Мерецков смутился, однако заметил, что преподаватели и лекторы в академии весьма известны в войсках, им есть что сказать, есть чему научить молодых генштабистов и трудно выделить из них кого-либо.

–  Хитрите, товарищ Мерецков!
– Снесарёв лукаво повёл бровью.
– А чему вы научились за это время?

Мерецков ответил, что за прошедших два курса учёбы он понял главное: ведение войны - это и наука, и искусство, причём искусство сложное, требующее не только максимальной отдачи сил, но и серьёзных знаний, творческого их применения.

–  А если у человека есть природные способности, разве не может он применить

их в сражении?
– задал вопрос Снесарёв.
– Я приведу вам два имени - Василий Чапаев и Семён Будённый. Весьма одарённые личности. Разве мало побед одержали они в Гражданской войне?

–  Факт, много, - согласился Мерецков.
– И воевали они не но шаблону, у каждого был свой стиль, свой почерк в бою. Но я считаю, что, как бы человек ни был одарён в военном деле, не всё зависит от природной смётки. Надо ещё иметь теоретические знания, чтобы в любой ситуации принять в бою правильное решение. Потому-то я был рад, когда меня направили на учёбу в Академию Генштаба.
– Кирилл Афанасьевич помедлил, ожидая, не возразит ли ему Снесарёв, но тот молчал, о чём-то задумавшись.
– Вот вы спросили, кто из преподавателей или лекторов мне по душе. Мне нравятся лекции профессора стратегии Свечина, профессора истории военного искусства Новицкого. Мы с ними изучали опыт Первой мировой войны. Что я вынес из их лекций для себя? В военном деле надо избегать шаблона, стремиться творчески подходить к проведению любой операции, даже самой небольшой, потому что, как любит говорить профессор Свечин, «из малого вырастает большое».

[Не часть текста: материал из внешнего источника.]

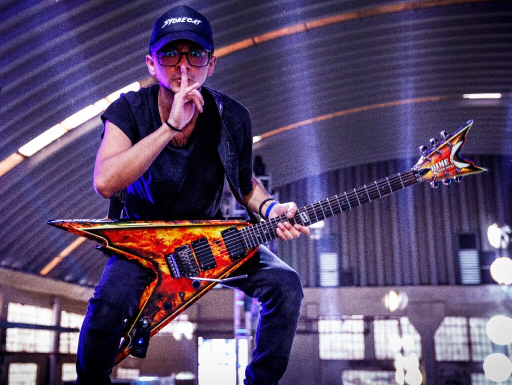 El paso de la guitarra al hardstyle no fue inmediato, pero cuando en 2014 descubrió este género, su vida dio un giro. “Ver a Coone fue un momento de revelación, me enamoré completamente del género”. Así, se adentró en el mundo de la música electrónica, comprando su primer controlador y comenzando su camino hacia lo que hoy es su característico show, donde la guitarra en vivo se fusiona con los potentes beats del hard dance. “Aprender a producir hardstyle fue uno de mis mayores retos, ya que es uno de los géneros más complicados”, confiesa. Sin embargo, su deseo de aportar algo diferente lo llevó a mezclar ambos mundos: “Noté que faltaba algo en la industria, un toque único que diera chispa al escenario”. El desafío no solo fue la producción, sino también la integración de la guitarra en un espectáculo de electrónica, algo que Stonecat hace con gran maestría, conectando su instrumento al mixer como si fuera un micrófono, sin importar las dificultades de producción. “Lo que me da adrenalina es saber que puedo cometer errores, pero también que puedo hacer un gran show si me concentro”.
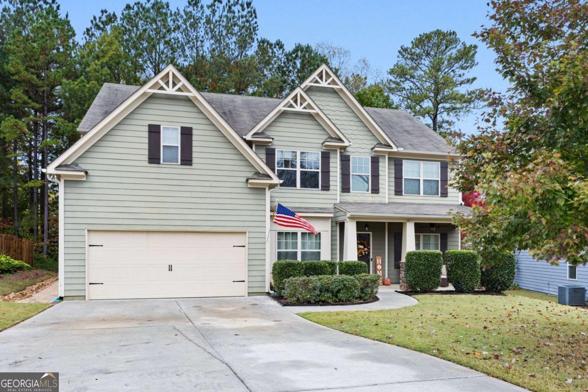 Welcome home to this stunning 5-bedroom, 3-bath, one-owner *smart home that has been meticulously maintained and thoughtfully designed! **Step inside to find an inviting open floorplan featuring a formal dining room, home office, and a coffee nook. The kitchen is a chef's dream with granite countertops, abundant cabinetry, stainless steel appliances, walk-in pantry, and breakfast area overlooking the living room. Enjoy relaxing by the wood-burning fireplace with gas starter and marble surround in the spacious family room. ***The main-level bedroom and full bath are perfect for guests or an in-law suite. Upstairs, the primary suite offers a true retreat with a sitting area, his and hers vanities, large tiled shower. Secondary bedrooms are generous in size with plenty of closet space. ****Additional highlights include upgraded lighting, hardwood floors, carpet in bedrooms, and a main-level laundry room. The available *smart home features control of lights, thermostat, doorbell, front door lock, ceiling fans, higher blinds, and oven, all integrated through the Wink Hub System for modern convenience and peace of mind. *****Step outside to a private backyard oasis featuring an oversized patio with room (and pavers) to expand, a smokeless firepit, storage building, French drain, and designated vegetable and herb garden. The garage includes a workbench, and the home's curb appeal and functionality make it truly move-in ready! *******Located in a sought-after community with pool, clubhouse, playground, and pickleball courts, all within an easy walk or golf cart ride. *******This home is in a highly desired school district with shopping, dining, and Interstate 75 just minutes away-a wonderful combination of comfort, technology, and lifestyle!
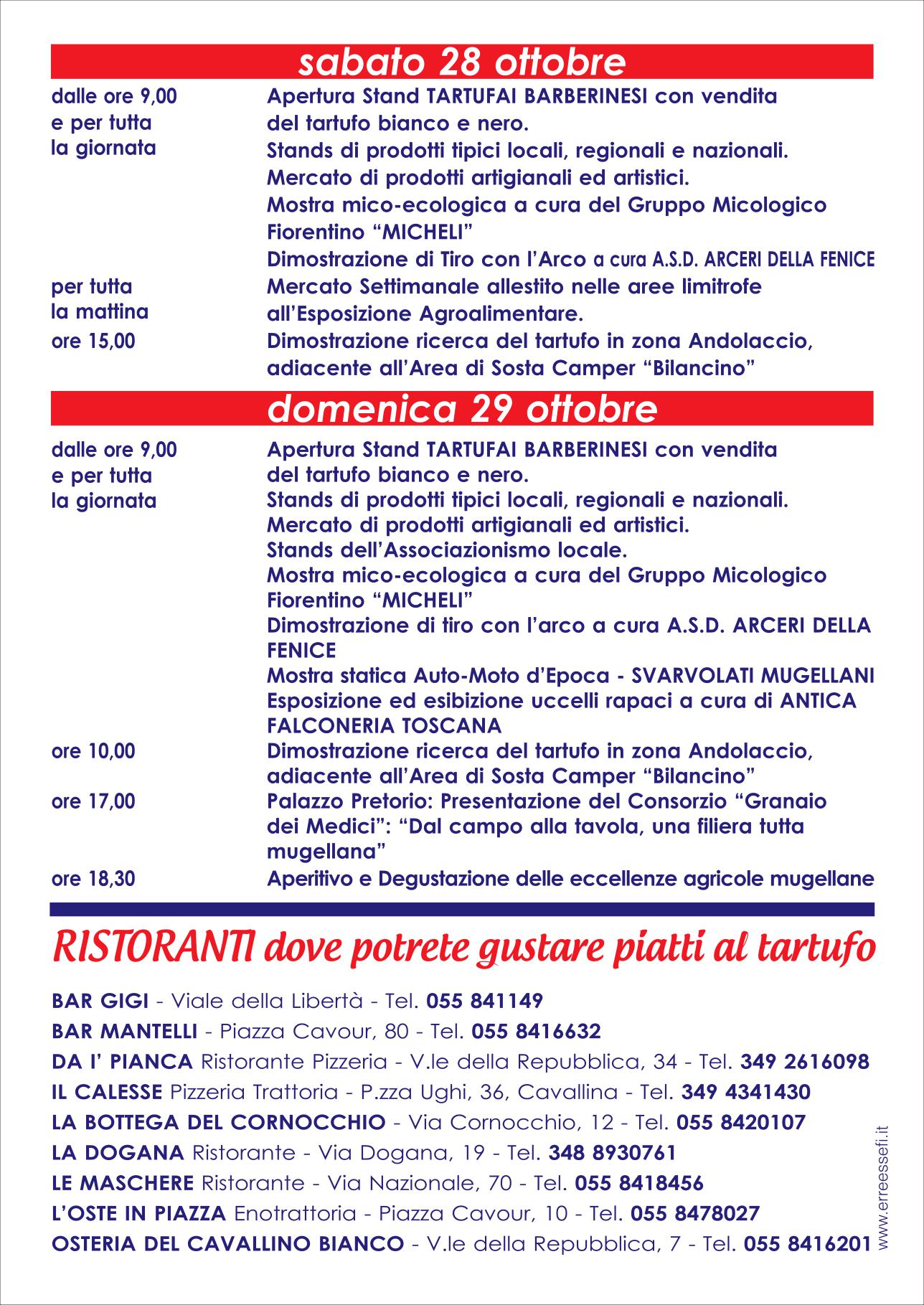 Domenica 29 esibizione di falchi a cura dell’Antica falconeria Toscana. Presso i ristoranti della zona sarà possibile degustare il tartufo con moltissimi piatti tipici.
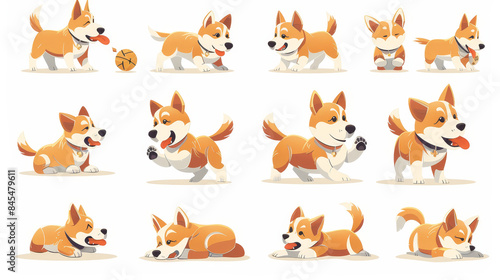 Cute cartoon dogs engaging in playful and adorable canine activities

–  Чем вы занимались, когда воевали в Первой конной армии?
– Снесарёв закурил и протянул папиросы Мерецкову.
– Хотите?

Мерецков тоже закурил, затянулся, слегка кашлянув.

–  Чем я занимался? Рубил шашкой, как и все.

–  Я не о рубке, Кирилл Афанасьевич, - усмехнулся Снесарёв.
– За какой участок работы вы отвечали?

–  Ах вот вы о чём! Занимался разведкой. Знать противника, его силы и средства в предстоящем бою - это же очень важно!

–  Это ключ к победе!
– Снесарёв скосил на Мерецкова карие глаза.
– Вот мы говорили о неудаче войск Красной Армии во Львовской операции. Там сыграл отрицательную роль фактор времени. А ведь на войне время - немаловажный элемент в достижении победы. Его высоко ценили полководцы прошлого. Одна минута, говорил Суворов, решает исход баталии, один час - успех кампании, один день - судьба империи.

–  Я хорошо запомнил афоризм Наполеона: «Идите, бейте и не забывайте, что мир сотворён в шесть дней».

Снесарёв говорил о Львовской операции так, словно сам принимал в ней участие. И всё же Мерецков считал, что во всей этой истории есть вина Тухачевского. Разве Западный фронт, наступавший на Варшаву, действовал безупречно? Вот бы задать этот вопрос самому Тухачевскому!

И вскоре такая возможность слушателям представилась. После лекции о психологии широких народных масс во время революций и крупных войн, которую читал профессор Рейснер, Кирилл Афанасьевич задержался в аудитории.

–  У вас есть ко мне вопросы?
– Рейснер смотрел на него не мигая.

–  Я хотел бы кое-что уточнить по вашей лекции, - робко ответил Мерецков.
– Вы говорили нам о психологии широких народных масс во время революций. Тут всё ясно, но как эта психология проявляется на фронте среди бойцов и командиров, какова её роль? Можно ли назвать её решающей в целях достижения победы над врагом?

Профессор на минуту задумался, потом, словно что-то вспомнив, сказал, что революция и фронт вещи разные, но и в том и в другом случае люди жаждут победы. А бойцы на фронте - тот же народ, только он вооружён и доказывает своё отношение к революции на поле брани.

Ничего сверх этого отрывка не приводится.